=== Requirement ===
Omit every picture while you reproduce the entries that follow word for word.
Segment Start: Source material
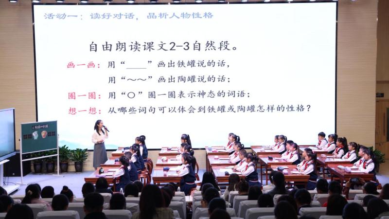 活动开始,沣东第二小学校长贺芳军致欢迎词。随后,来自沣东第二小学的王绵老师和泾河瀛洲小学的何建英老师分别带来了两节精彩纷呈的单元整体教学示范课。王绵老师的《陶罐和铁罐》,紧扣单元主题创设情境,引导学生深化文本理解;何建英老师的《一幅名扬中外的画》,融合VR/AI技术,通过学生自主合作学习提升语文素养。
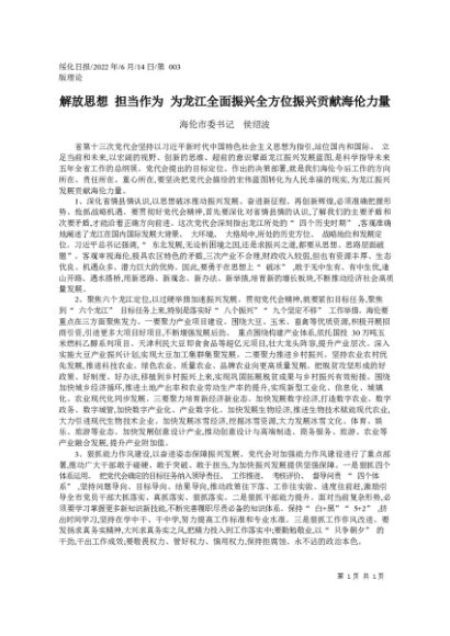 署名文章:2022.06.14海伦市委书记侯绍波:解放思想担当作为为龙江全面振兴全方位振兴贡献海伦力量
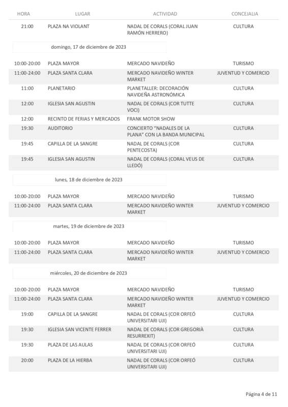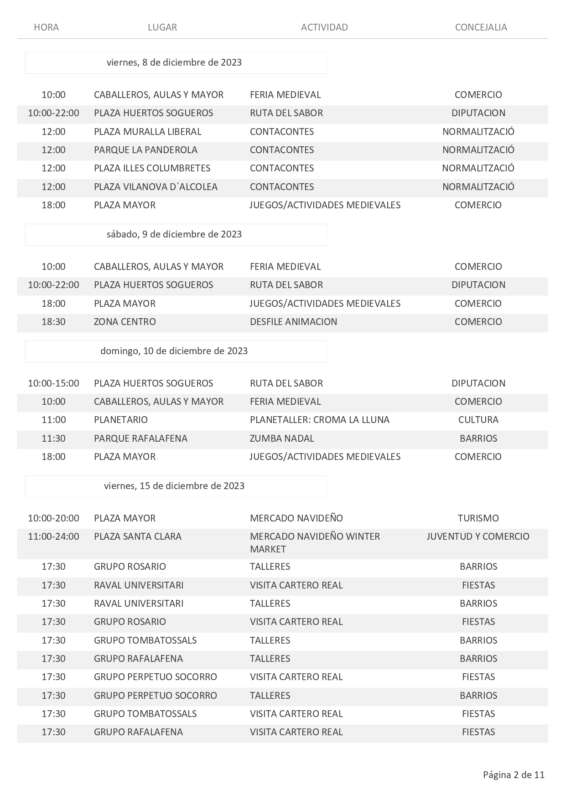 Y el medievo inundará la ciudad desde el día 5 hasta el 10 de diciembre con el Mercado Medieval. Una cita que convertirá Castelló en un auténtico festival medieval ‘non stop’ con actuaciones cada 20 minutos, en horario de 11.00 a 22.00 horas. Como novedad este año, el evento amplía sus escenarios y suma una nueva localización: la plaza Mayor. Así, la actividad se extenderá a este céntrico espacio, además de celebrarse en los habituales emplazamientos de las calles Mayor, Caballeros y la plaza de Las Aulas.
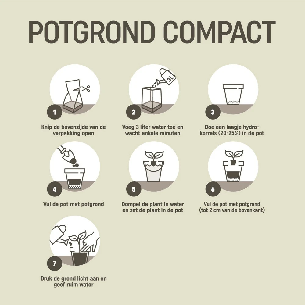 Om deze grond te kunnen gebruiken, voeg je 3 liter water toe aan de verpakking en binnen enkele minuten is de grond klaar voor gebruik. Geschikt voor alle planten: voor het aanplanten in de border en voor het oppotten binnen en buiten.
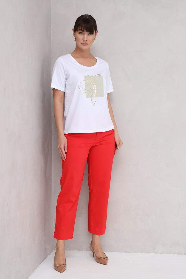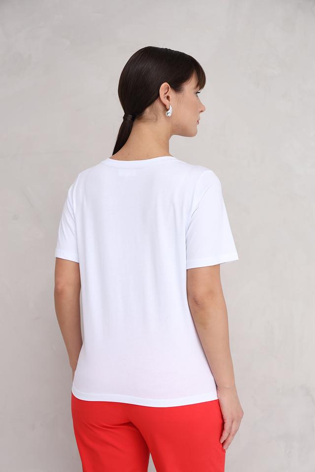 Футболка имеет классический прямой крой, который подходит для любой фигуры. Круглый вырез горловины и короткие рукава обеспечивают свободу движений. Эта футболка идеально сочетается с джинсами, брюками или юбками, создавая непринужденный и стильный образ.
Segment End: Source material
=== Exercise output ===
 活动开始,沣东第二小学校长贺芳军致欢迎词。随后,来自沣东第二小学的王绵老师和泾河瀛洲小学的何建英老师分别带来了两节精彩纷呈的单元整体教学示范课。王绵老师的《陶罐和铁罐》,紧扣单元主题创设情境,引导学生深化文本理解;何建英老师的《一幅名扬中外的画》,融合VR/AI技术,通过学生自主合作学习提升语文素养。
 署名文章:2022.06.14海伦市委书记侯绍波:解放思想担当作为为龙江全面振兴全方位振兴贡献海伦力量
 Y el medievo inundará la ciudad desde el día 5 hasta el 10 de diciembre con el Mercado Medieval. Una cita que convertirá Castelló en un auténtico festival medieval ‘non stop’ con actuaciones cada 20 minutos, en horario de 11.00 a 22.00 horas. Como novedad este año, el evento amplía sus escenarios y suma una nueva localización: la plaza Mayor. Así, la actividad se extenderá a este céntrico espacio, además de celebrarse en los habituales emplazamientos de las calles Mayor, Caballeros y la plaza de Las Aulas.
 Om deze grond te kunnen gebruiken, voeg je 3 liter water toe aan de verpakking en binnen enkele minuten is de grond klaar voor gebruik. Geschikt voor alle planten: voor het aanplanten in de border en voor het oppotten binnen en buiten.
 Футболка имеет классический прямой крой, который подходит для любой фигуры. Круглый вырез горловины и короткие рукава обеспечивают свободу движений. Эта футболка идеально сочетается с джинсами, брюками или юбками, создавая непринужденный и стильный образ.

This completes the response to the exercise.